Eleven teams earned an average GPA of 3.0 or higher last semester, softball earning the highest GPA, 3.418, according to the fall 2010 student athlete academic summary.
All 14 teams earned a cumulative GPA of 3.167. The non-athletic student body earned a cumulative GPA of 3.006.
“Our student-athletes cumulative GPA is so high already, which just shows how much better we could do if we did have priority registration and students missed less classes.” Said Kent. “It’s not fair to the students who could do better if they went to more classes.”
English professor Tracy Schrems agreed.
“I’ve seen so many international students who had straight As before coming to Bonaventure,” said Schrems, “But they just don’t know the language and there’s so little time to give them extra help when they’re in season.”

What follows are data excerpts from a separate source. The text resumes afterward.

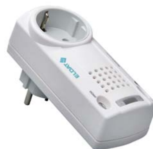
Steckdosen-Empfänger mit akustischen / optischen Alarm
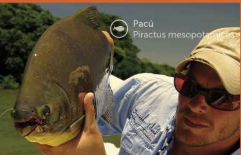
Pacu Piractus mesopotamicus

Rodeada por los Ríos Paraná y Uruguay con una gran variedad de peces y el marco ideal para las diferentes modalidades de pesca deportivas La Provincia de Corrientes es un verdadero paraíso para el pescador!
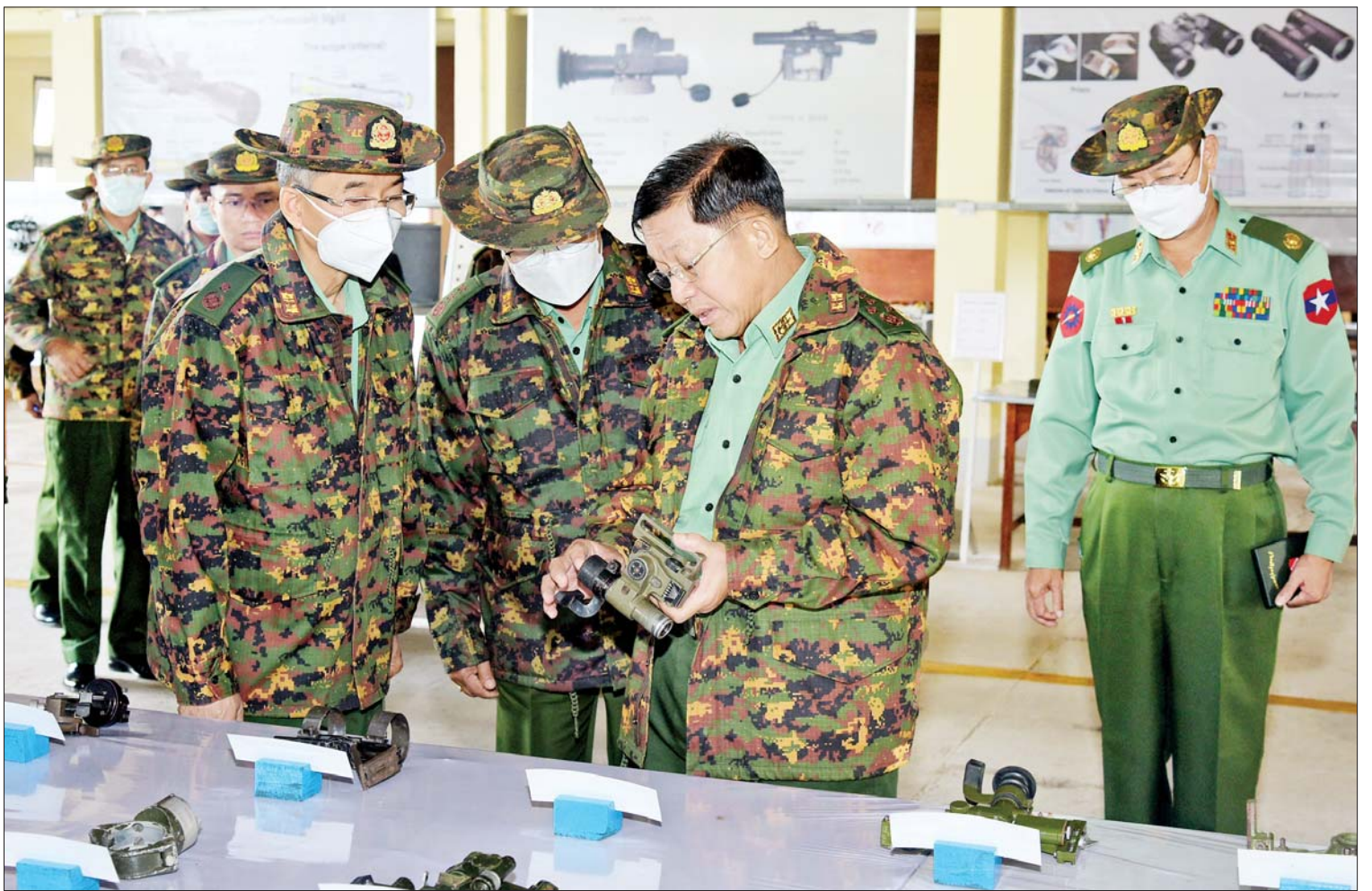
နိုင်ငံတော်စီမံအုပ်ချုပ်ရေးကောင်စီဥက္ကဋ္ဌ၊ တပ်မတော်ကာကွယ်ရေးဦးစီးချုပ် ဗိုလ်ချုပ်မှူးကြီး မင်းအောင်လှိုင် ပြင်ဦးလွင်တပ်နယ်ရှိ နယ်မြေခံစက်မှုအင်ဂျင်နီယာ သင်တန်းကျောင်းအတွင်း ကြည့်ရှုစစ်ဆေးစဉ်။

နိုင်ငံတော်စီမံအုပ်ချုပ်ရေးကောင်စီဥက္ကဋ္ဌ၊ တပ်မတော် ကာကွယ်ရေးဦးစီးချုပ် ဗိုလ်ချုပ်မှူးကြီး မင်းအောင်လှိုင်သည် ယနေ့နံနက်ပိုင်းတွင် ကာကွယ်ရေး ဦးစီးချုပ်(ရေ) ဗိုလ်ချုပ်ကြီး မိုးအောင်၊ ကာကွယ်ရေးဦးစီးချုပ်(လေ) ဗိုလ်ချုပ်ကြီး မောင်မောင်ကျော်၊ ကာကွယ်ရေးဦးစီးချုပ် ရုံးမှ တပ်မတော်အရာရှိကြီးများ၊ အလယ် ပိုင်းတိုင်းစစ်ဌာနချုပ်တိုင်းမှူး၊ ဗိုလ်ချုပ် ကိုကိုဦးနှင့် တာဝန်ရှိသူများလိုက်ပါ၍ ပြင်ဦးလွင်တပ်နယ်ရှိ နယ်မြေခံစက်မှု အင်ဂျင်နီယာ သင်တန်းကျောင်းသို့ သွားရောက်ကြည့်ရှုစစ်ဆေးသည်။
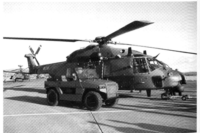
L'hélicoptère de transport NH90 est capable d'emporter des véhicules légers tous terrains.

http://www.opex360.com/2010/05/25/lallemagne-suspend-lachat-dhelicopteres-tigre/ (26.04.2010)
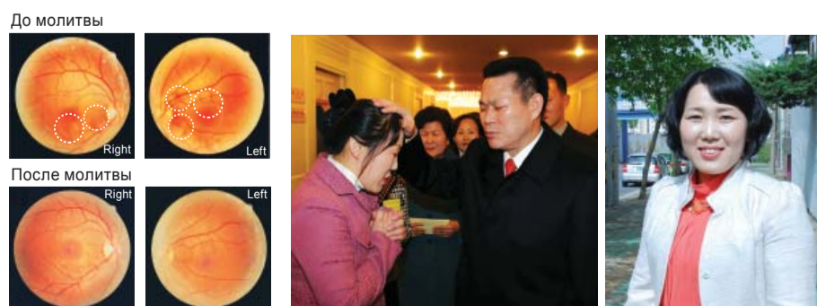
Ретинограф показывает, что киста исчезла. Ее зрение восстановилось и с 0.8/0.25 улучшилось до 1.0/1.0.

После этого зрение ее улучшилось, и все вокруг больше не было мутным. Повторная проверка показала, что у нее нормальное зрение. До молитвы ее зрение было 0.8/0.25, а после молитвы оно улучшилось и стало 1.0/1.0. А вскоре она стала видеть еще лучше, и зрение у нее стало 1.2/1.2. Обычно в госпитале болезнь Харада лечится около шести месяцев, а она была исцелена за две недели. Бог спас ее от слепоты! Это просто поразительно!
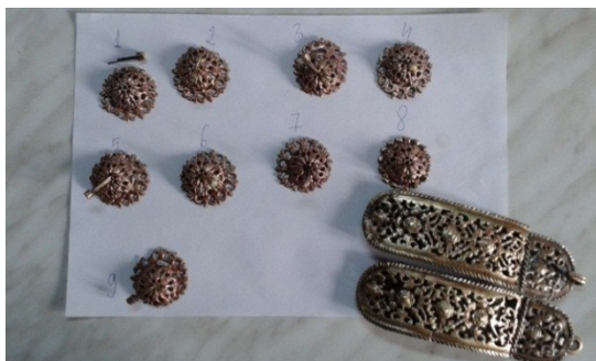
Detaliu butoni după restaurare
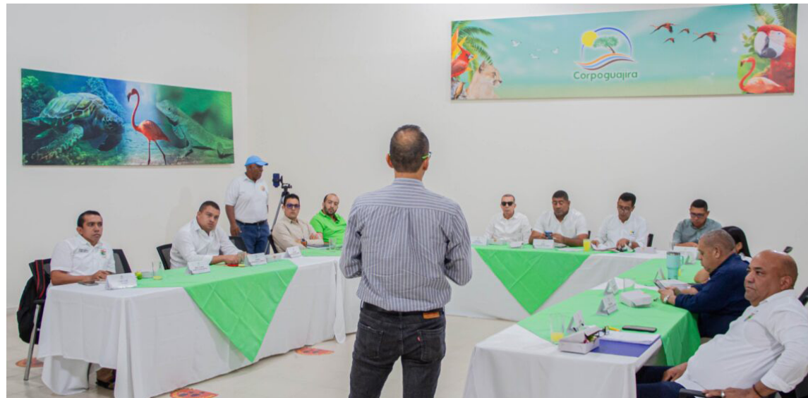
Los mandatarios pueden implementar programas y proyectos contenidos en el documento.

Para la formulación se contó con la orientación del Ministerio de Ambiente a través de la Dirección General de Cambio Climático y Gestión del Riesgo (Dgccgr) y de Corpoguajira.
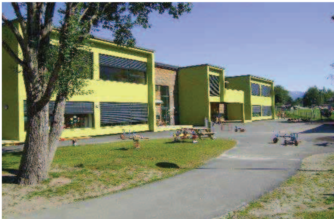
Rycina 3. Przedszkole Golvsengane w Nordfjordeid
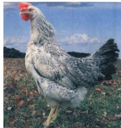
Материнська форма: "Бірківська барвіста"
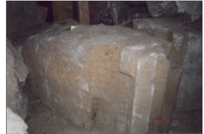
Profilstein fra østfronten lagret i løe på Ullandhaug.

For NDR var det en utfordring å hugge den relativt skifrige kleberen. Også innholdet av karbonatmineraler og det faktum at steintypen generelt er inhomogen (se "Stein på Stavangerkoret" ved å gå til "HJEM"), gjorde huggingen vanskelig i begynnelsen. Etterhvert lærte man imidlertid å mestre steinen og den kom til å bli den mest brukte (i antall objekter hugget) under arbeidet. Dette kan ses på figuren under til høyre.
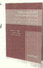
PEÑA & YEPES U. EXTERNADO $43.000

El libro contempla las distintas concepciones, corrientes y enfoques que han surgido en torno a la responsabilidad social empresarial, tema que ha adquirido relevancia a nivel internacional y aun cuando no se ha llegado a un consenso en su definición, el concepto ha evolucionado como parte integral del negocio de hoy.
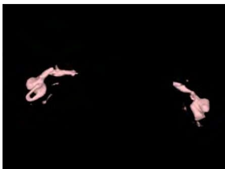
Obrázek 4: Common cavity rekonstrukce
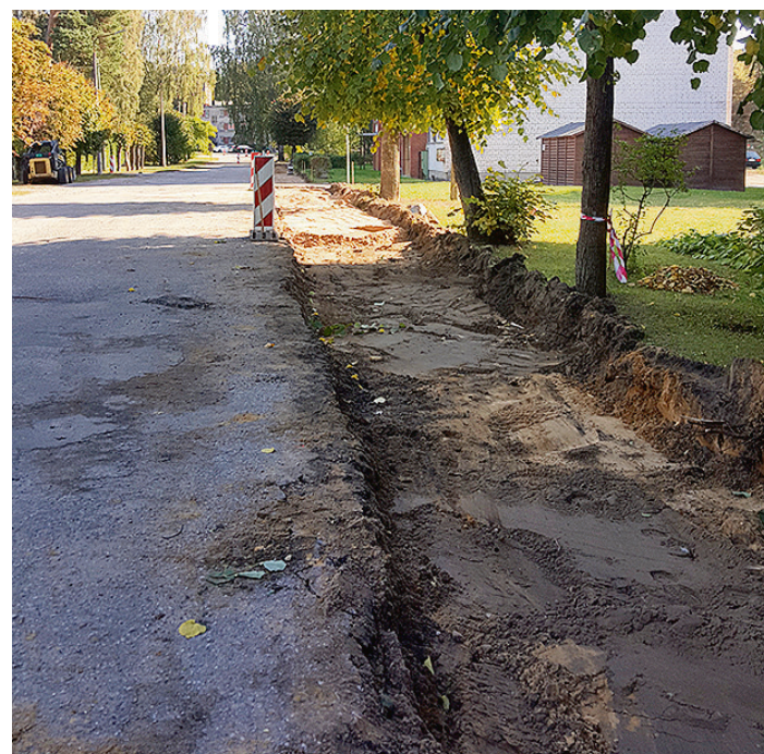
Būvdarbi L. Paegles ielā.

tvers asfaltbetona frēzēšanu, jaunā seguma ieklāšanu, nomaļu uzstādīšanu, tajā skaitā arī lietusūdens uztvērējaku tīrīšanu un skataku remontu, un regulēšanu. Būvdarbu izmaksas – 49 187,77 eiro. Darbus plānots pabeigt oktobra beigās.
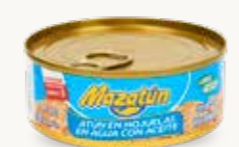
MAZATÚN Atún en hojuelas en agua con aceite / México / 130 g
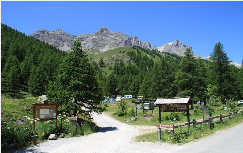
Crédit : camper dormir Clarée aire naturelle (Camping Fontcouverte)
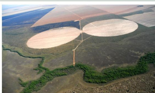
Preparação de pivôs. A expansão agrícola favorece o assoreamento do rio.

·Os estudos demonstraram que a atual situação do Rio Grande é degradante em virtude do desmatamento da vegetação ciliar as suas margens, provenientes da expansão urbano-agrícola em longo prazo.
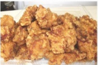
からあげ 5個入り 200円~
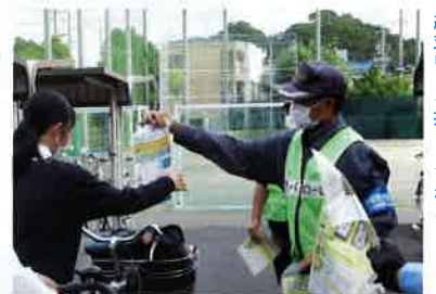
絶対にカギ掛けてね!

や金融機関での啓蒙活動、高校での自転車盗難防止指導、小学1年生を対象にした防犯教室の開催、地域のまつりでの防犯活動、警察、静岡市主催の防犯活動に参加しています。

“Most of my student-athletes are actually my best students,” French professor Guy Imhoff said. “I have no problem with them missing classes for sports because they always keep up and actually miss fewer classes than regular students.”
Imhoff said it would be more beneficial to student-athletes’ academic goals if they missed fewer classes for sports.
But for baseball this semester, reducing missed classes isn’t an option.
And baseball isn’t alone. Softball plays 38 matches this season and women’s basketball plays 29.
We are Division I athletes and we have to fit in three-hour practices every day with our class schedule,” said Oscar Yanez, a tennis player. “Allowing us to register ahead of our class, at least, would help us manage our time better.”
Still, men’s tennis earned an average 3.240 GPA, ranking sixth out of the 14 teams, said the fall 2010 student-athlete academic summary.
“School comes first,” said Wallschlaeger. “My coach is really big on that. He makes sure everyone stays in their classes the whole time before coming down to the practice field.”